# [DATASET ENTRIES]
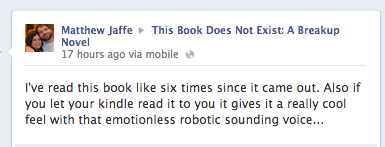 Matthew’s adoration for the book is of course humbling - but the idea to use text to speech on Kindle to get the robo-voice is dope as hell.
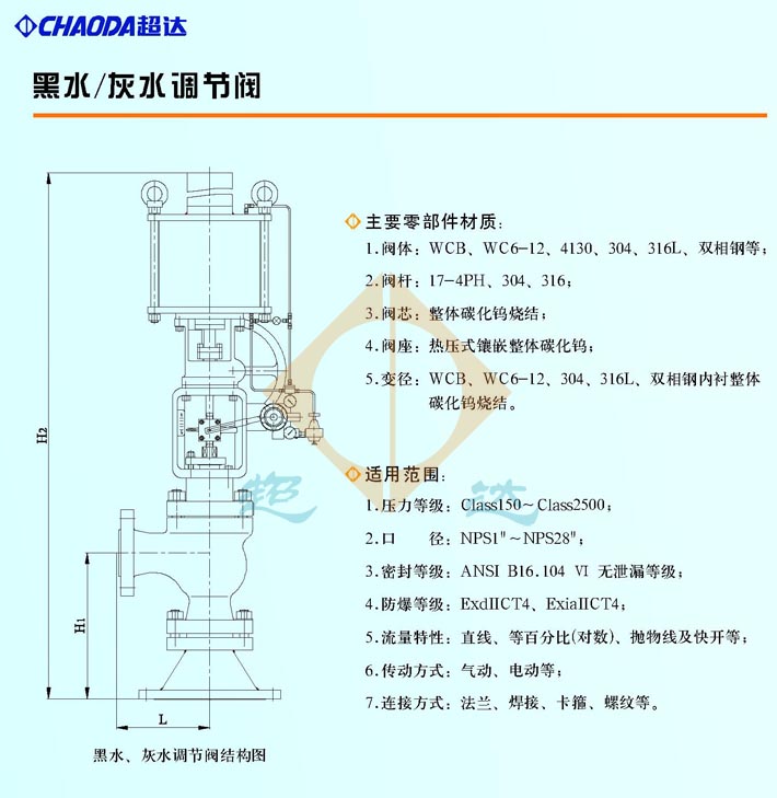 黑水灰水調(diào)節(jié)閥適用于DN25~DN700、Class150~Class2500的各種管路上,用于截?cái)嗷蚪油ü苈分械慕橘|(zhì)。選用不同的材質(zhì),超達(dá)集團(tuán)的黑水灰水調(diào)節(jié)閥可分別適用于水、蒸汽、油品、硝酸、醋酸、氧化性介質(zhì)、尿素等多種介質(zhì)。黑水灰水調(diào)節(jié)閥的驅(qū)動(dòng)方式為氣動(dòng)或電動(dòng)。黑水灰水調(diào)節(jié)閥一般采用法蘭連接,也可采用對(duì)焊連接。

* * *

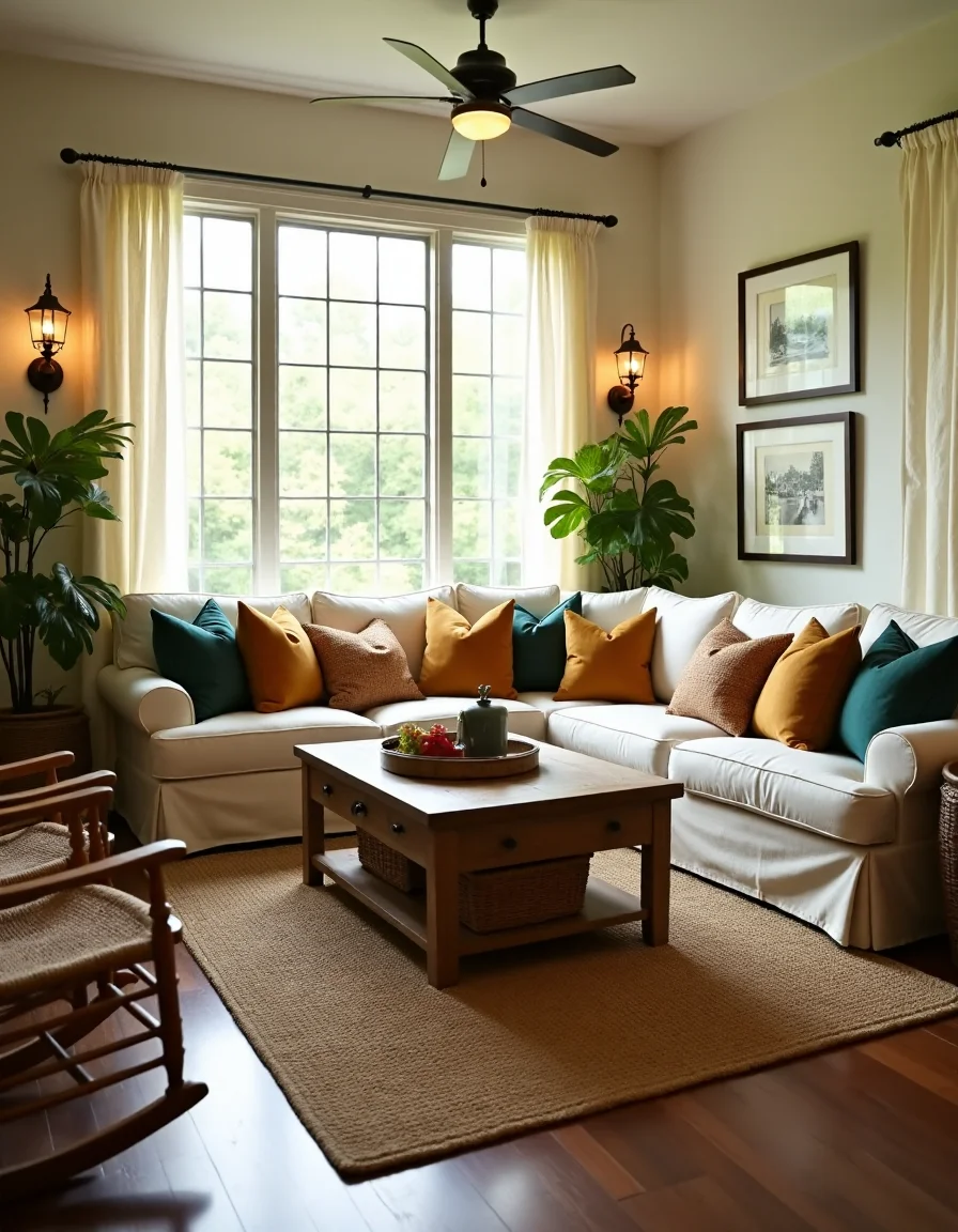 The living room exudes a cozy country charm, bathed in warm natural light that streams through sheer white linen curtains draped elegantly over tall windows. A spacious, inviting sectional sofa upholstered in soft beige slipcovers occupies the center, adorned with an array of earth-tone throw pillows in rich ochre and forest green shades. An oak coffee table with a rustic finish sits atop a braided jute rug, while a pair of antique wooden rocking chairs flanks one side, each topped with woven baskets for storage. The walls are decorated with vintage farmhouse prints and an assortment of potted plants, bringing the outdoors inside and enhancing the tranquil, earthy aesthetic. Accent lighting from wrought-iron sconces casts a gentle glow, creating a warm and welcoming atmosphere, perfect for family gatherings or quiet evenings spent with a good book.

# [PROMPT]
The line holding "Matthew’s adoration for" starts the copy and the line holding "黑水灰水調(diào)節(jié)閥適用" ends it. Repeat those two lines above and all between them exactly, leaving out pictures.

# [TASK ANSWER]
 Matthew’s adoration for the book is of course humbling - but the idea to use text to speech on Kindle to get the robo-voice is dope as hell.
 黑水灰水調(diào)節(jié)閥適用于DN25~DN700、Class150~Class2500的各種管路上,用于截?cái)嗷蚪油ü苈分械慕橘|(zhì)。選用不同的材質(zhì),超達(dá)集團(tuán)的黑水灰水調(diào)節(jié)閥可分別適用于水、蒸汽、油品、硝酸、醋酸、氧化性介質(zhì)、尿素等多種介質(zhì)。黑水灰水調(diào)節(jié)閥的驅(qū)動(dòng)方式為氣動(dòng)或電動(dòng)。黑水灰水調(diào)節(jié)閥一般采用法蘭連接,也可采用對(duì)焊連接。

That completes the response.